MT: This is a fabulous program.
CD: I’m very excited to be playing it. I think there’s a lot of great music on it.
MT: I’m very curious about the time you spent in Afghanistan; how did that come about, and how did you find the experience?
CD: It came about as a result of an unexpected invitation. A colleague from Juilliard, who I didn’t know all that well, was the cello teacher at the Afghanistan National Institute of Music and every winter they bring in a handful of guest artist faculty to work with the students. They decided that they needed a guitar teacher so I received an e-mail in November and the trip was slated for the beginning of January. The e-mail came totally out of the blue and I thought, cool, this is from Avery Waite, I like him. Anyway he asked if I wanted to go to Afghanistan, and said the State Department would pay for the trip. So that was the initial connection to it and as you can imagine it was a hectic month preparing for the trip, getting the visa and booking flights.
MT: I’m sure it was.
CD: But it was an extraordinary week and a half.

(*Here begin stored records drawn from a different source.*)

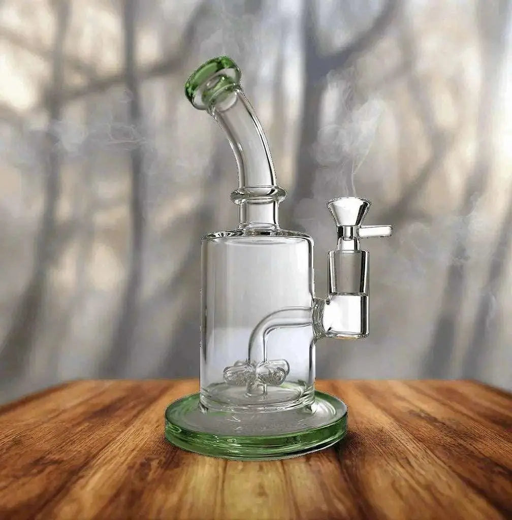 Showerhead Percolator Dab Rig 7" with Glass Bubbler on Wooden Table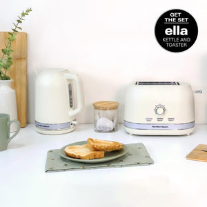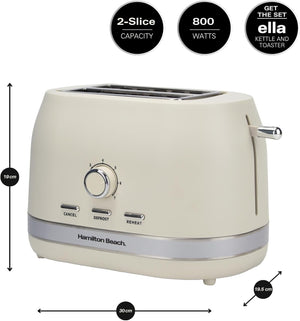 Hamilton Beach Toaster 2 Slice, Ella, 800W, Wide Slots, 7 Variable Browning Levels, Defrost, Cancel & Reheat Settings, Removable Crumb Tray, Integrated Cord Storage, Matte Cream Toaster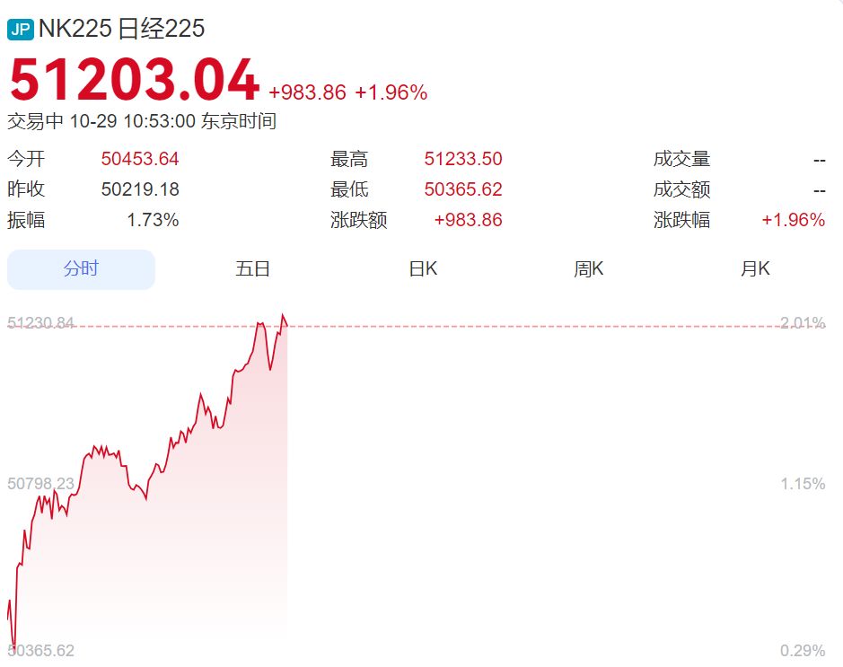 每经编辑|毕陆名 10月29日盘中,日经225指数持续走高,一度突破51000点,为历史首次,日内涨1.96%。

MT: Can you say a little bit about the students?
CD: The youngest were about 8 or 9 and the oldest was 22 and I think about half of them were living in orphanages. In fact, one of the specific missions of the school is to work with some of the more progressive orphanages in Kabul. The one that I worked with considered themselves to be a music and soccer orphanage. So the kids are involved in music classes both there and a lot of them study at the school as well.
Notably for post-Taliban Afghanistan is that about 30% of the students are girls. It’s remarkable to think of Afghanistan under the Taliban, when not only would girls not be educated, but musicians were run out of the country because music was so immoral that it was punishable by death. It sounds insane to us, but it was a reality there.
So this school is a radical change from that. The students were so eager and smart. They’re always going to need more resources, and now I think that is one of the biggest challenges. Honestly, they need more qualified full-time teachers, and better instruments, but it was a pretty great experience.
MT: I had heard about the school and of course the tour they did to the States, but I have never spoken to anyone who has taught there. And the students progressed?
CD: The students all grew musically during the time I was there, and that was fulfilling to see. I left them a lot of photocopies of sheet music, etudes and technique exercises. I had students who would come in early and be practicing by the time I showed up in the morning and would stay after I had left.
MT: Would you do it again?
CD: Yes, and in fact I am going back in June. I’ll be there for about two weeks.
MT: What an experience.
CD: It was certainly an eye-opener. It was also nice because shortly after I came back the Youth Orchestra played in Carnegie Hall and the Kennedy Center, so I got to see a lot of the kids again in New York, which was great.